Her ne kadar bu işyerlerinde görülen çok çeşitli yüzler davet edici bir ortam yaratsa da, düzenli bir müşteri olmanın avantajları vardır. Avusturya'da düzenli bir konuk 'stamgast' olarak anılır, ancak bu kelimenin anlamı İngilizce eşdeğerinden daha karmaşıktır. Yerel bir Londra pub'ının günlük patronundan daha fazlası, kahvehanedeki stamgastın özel muamelesi var. Bir stamgast, kahvehanedeki personelin düzenli siparişlerini bilmesini, tercih ettikleri masayı hatırlamasını ve hatta rezervasyon yapmadan müşteriye bile kaydetmesini bekleyebilir. Viyana'daki tüm kahve evlerinin tipik bir örneği olmayan ve bazılarında kesinlikle uygulanmış olan daha sıra dışı bir ayrıcalık, bir stamgastın tüm dilimden ziyade sadece bir kaç tane kek dilerse, personelin ve patronun katılıyorum. Bir tür pasta ve paylaş.
Her Viyanalı vatandaşın tercih ettiği dükkânı vardır ve birinin kafeye bağlantısı genellikle mülkiyet noktasıdır. En iyi işyerlerinde herhangi bir yetki talep etmeden, burada Avusturya'nın başkentinde denemek için üç saygın Viyana kahve evlerinin bir listesi.

Cafe Central
Cafe Central 1876'te açıldı ve belki de tüm Viyana kahve evlerinin en büyük. Etkileyici cilalı taş sütunlar iç kısımda yüksek tonozlu tavanlara sahiptir ve odanın ortasında büyük bir piyano bulunmaktadır. 19 yüzyıl boyunca kafe Viyana'nın entelektüel kalabalığı için bir buluşma yeri oldu. Sigmund Freud, Leon Troçki ve Vladimir Lenin gibi tanınmış isimler bir zamanlar patronlardı. Daha sonra, bugün gibi, Cafe Central, her yaştan müşteriye, en iyi ev yapımı hamur işleri ve nefis çevreler arasında kahveye hizmet veren popüler bir yerdi.

Cafe Weimar
Cafe Weimar 1900'te 1880'te inşa edilen bir binada Cafe Orleans olarak kuruldu.
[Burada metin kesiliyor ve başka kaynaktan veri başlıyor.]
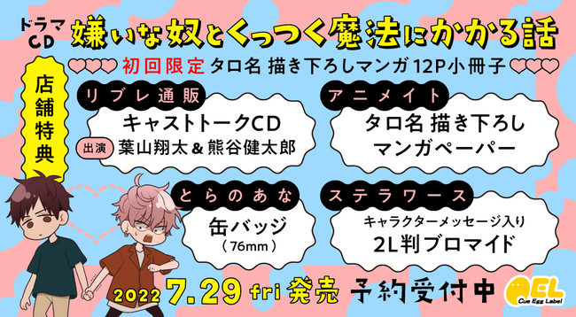 株式会社リブレ(本社:東京都新宿区、代表取締役社長:太田歳子)は、ドラマCD「嫌いな奴とくっつく魔法にかかる話」のキャストインタビューと、描き下ろし小冊子の詳細を公開いたしました。
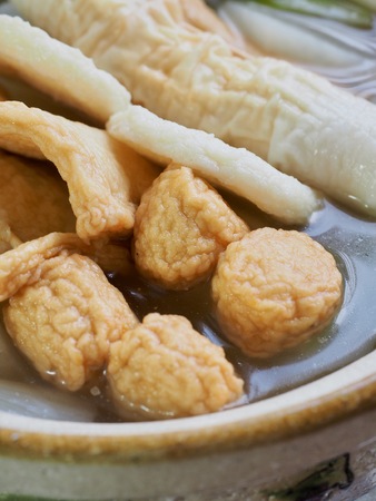 Japanese Fish cake stew decorated on the bright table.

Kahvehane, Weimar Cumhuriyeti'nin Almanya'daki başlangıcını işaretlemek için Birinci Dünya Savaşı'nın sonunda Cafe Weimer adını aldı. Tıpkı ilk günlerinde olduğu gibi, kafe yakınlardaki Imperial Jubilee Theatre'a sanatçılar ve ziyaretçiler için tercih edilen bir mekandır. Sade bir zarafet ile dekore edilmiş olsa da, Cafe Weimar, klasik Viyana deneyimi için sıcak ve davetkar atmosferiyle bilinir.

Cafe Hawelka
Cafe Hawelka, bağışlanmayan bir Viyana kurumu. 1939'te koca ve eşi Leopold ve Josephine Hawelka tarafından açılmış, II. Dünya Savaşı'nın patlak vermesiyle kapandı, ancak sağlam kaldı ve çift 1945'te bıraktığı yeri aldı. 1955'te kafe, yazarlar ve Heimito von Doderer, Albert Paris Gutersloh ve Hans Weigel gibi önemli düşünürlerin uğrak yeri olmaya başladı. Josephine, 2005 yılını kafede geçirdikten sonra 66'te vefat etti. 2011'te ölünceye kadar, Leopold her gün müşterilerini karşılamak için girişe girdi.